Tu banner alternativo

Audio-visual speech recognition

In today's world, Audio-visual speech recognition is a topic that has gained great relevance and interest among the population. For several years, Audio-visual speech recognition has been the subject of debates and discussions in different areas, generating conflicting opinions and deep reflections. This trend has aroused the interest of academics, experts, activists and citizens in general, who seek to understand and analyze the different aspects related to Audio-visual speech recognition. In this article, we will thoroughly explore this topic that is so relevant in today's society, addressing its origins, evolution, impact and possible solutions. Join us on this tour of Audio-visual speech recognition and discover the importance it has in our daily lives.

Tu banner alternativo

Audio visual speech recognition (AVSR) is a technique that uses image processing capabilities in lip reading to aid speech recognition systems in recognizing indeterministic phones or giving preponderance among near probability decisions.

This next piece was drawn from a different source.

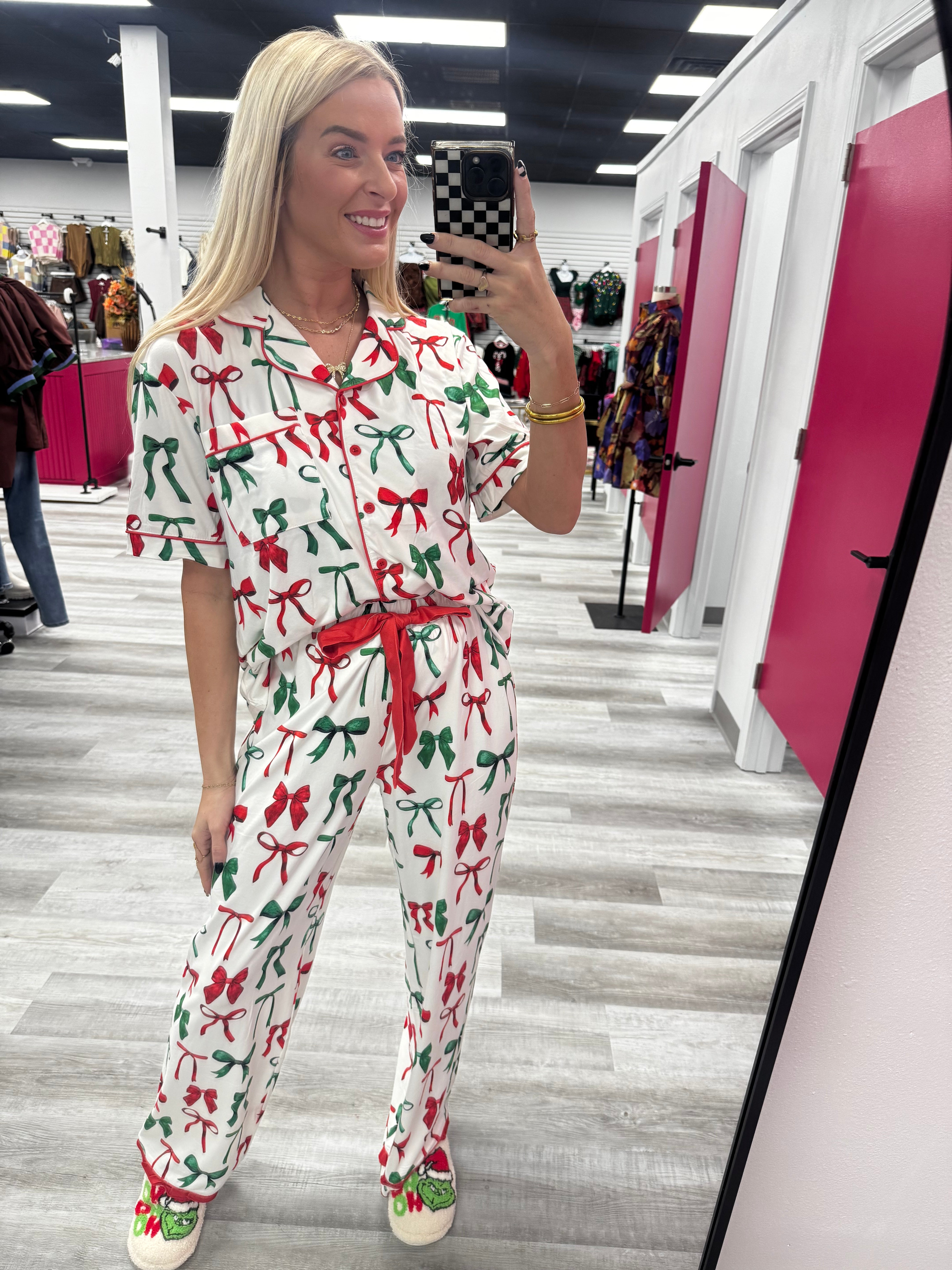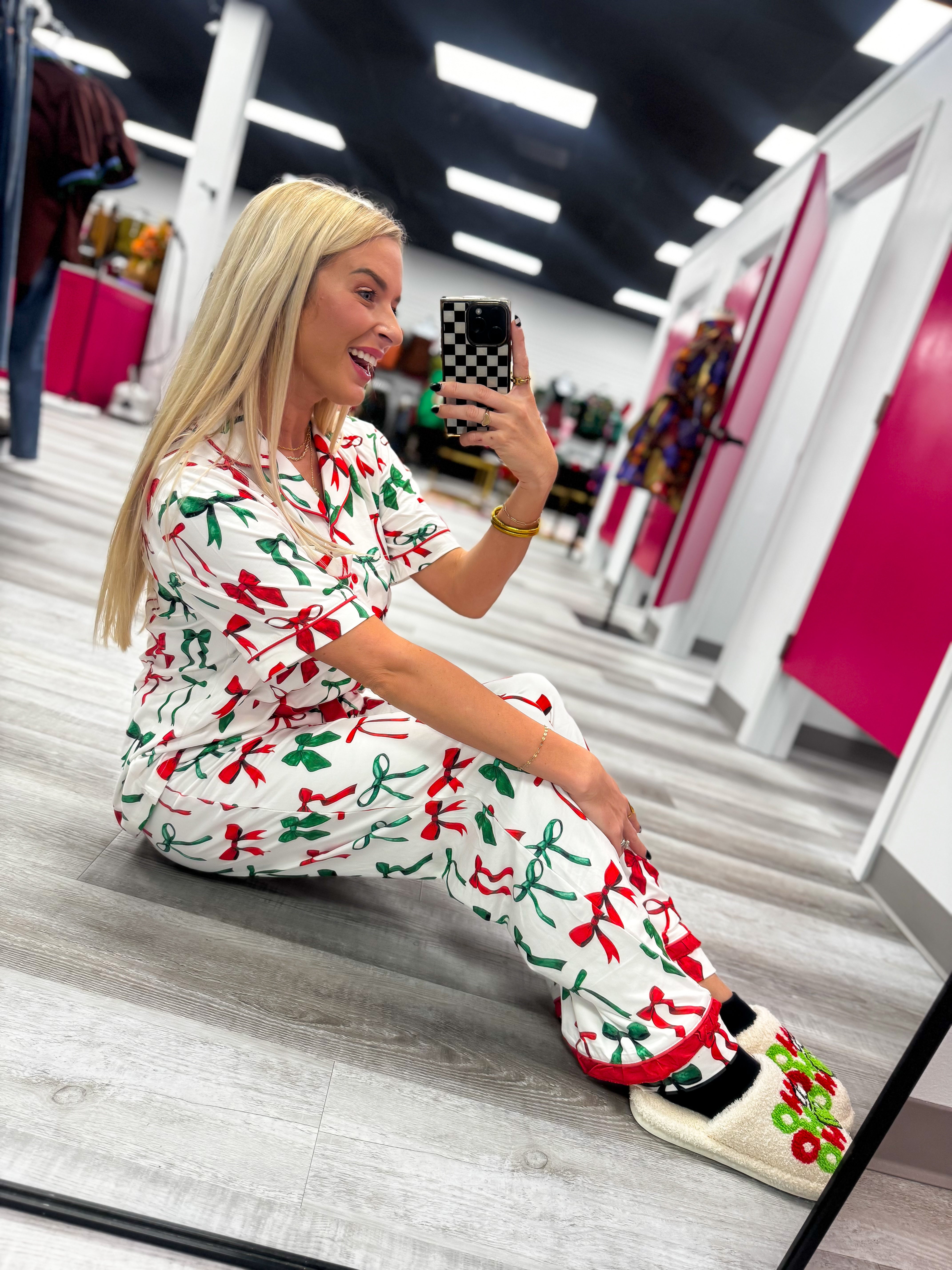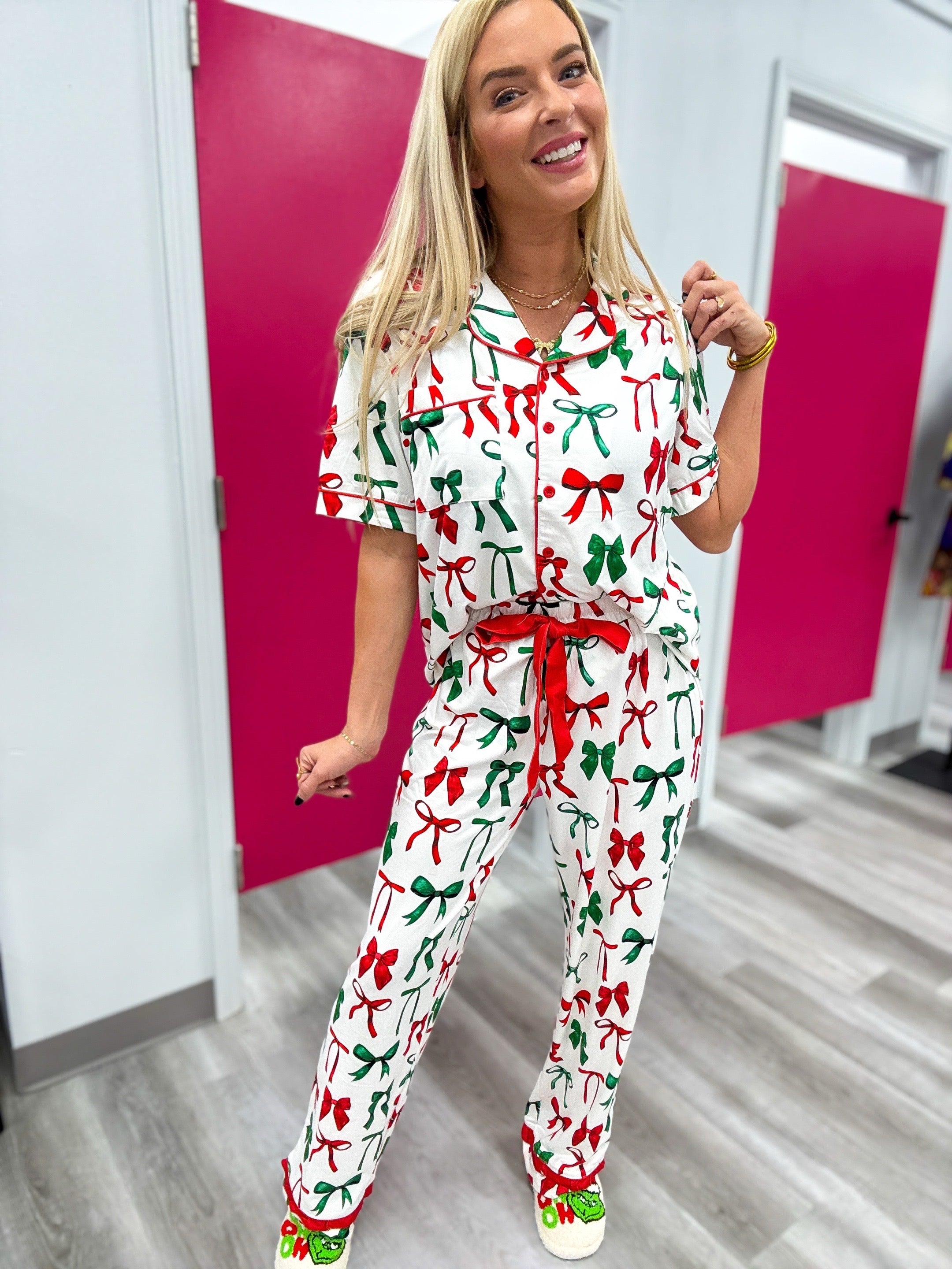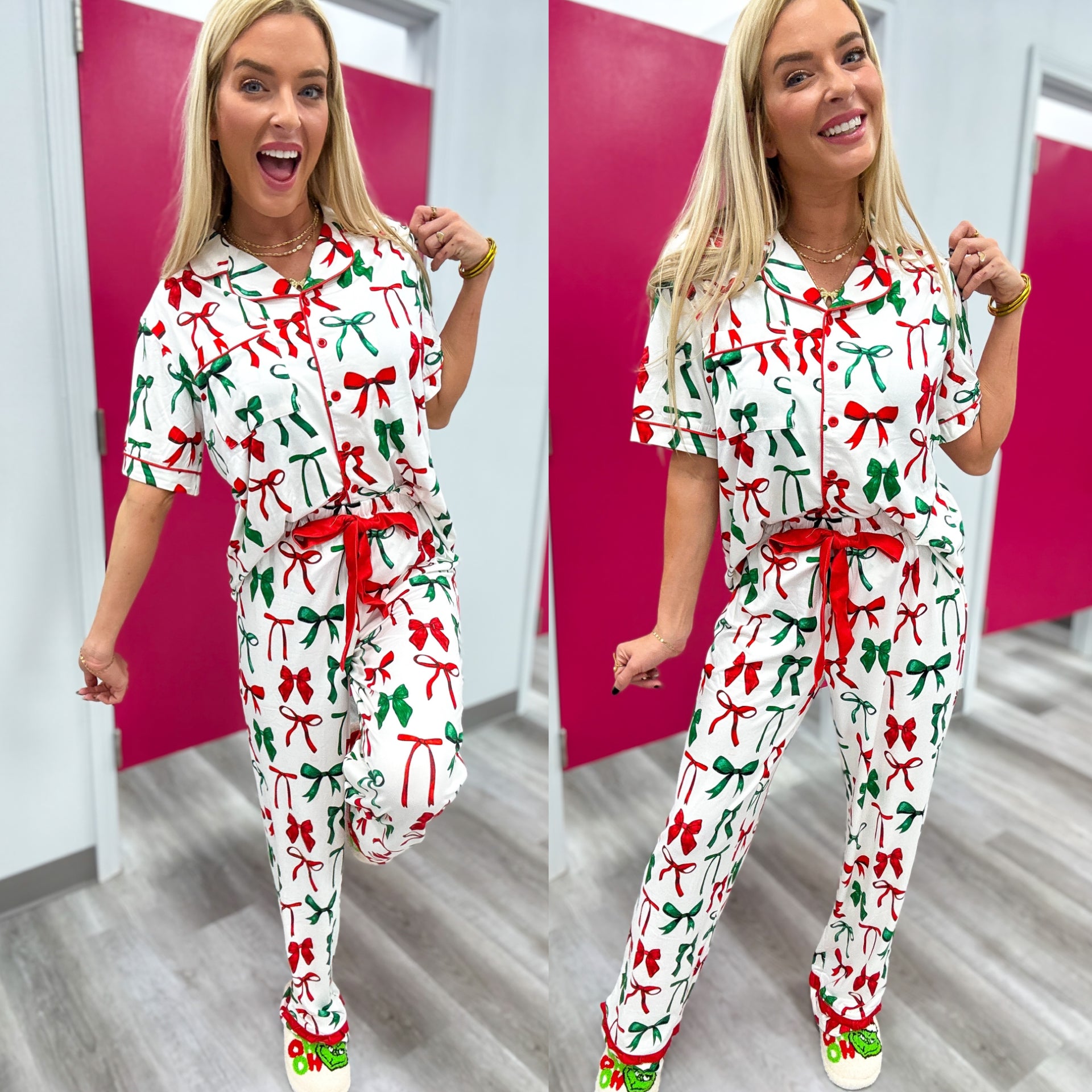 The Midnight Bow Christmas Edition Ruffle Pajama Set features a short-sleeve top and long pants adorned with cheerful red and green bows. Perfect for cozy nights, it captures the fun and festive spirit of the holiday season.

Each system of lip reading and speech recognition works separately, then their results are mixed at the stage of feature fusion. As the name suggests, it has two parts. First one is the audio part and second one is the visual part. In audio part we use features like log mel spectrogram, mfcc etc. from the raw audio samples and we build a model to get feature vector out of it . For visual part generally we use some variant of convolutional neural network to compress the image to a feature vector after that we concatenate these two vectors (audio and visual ) and try to predict the target object.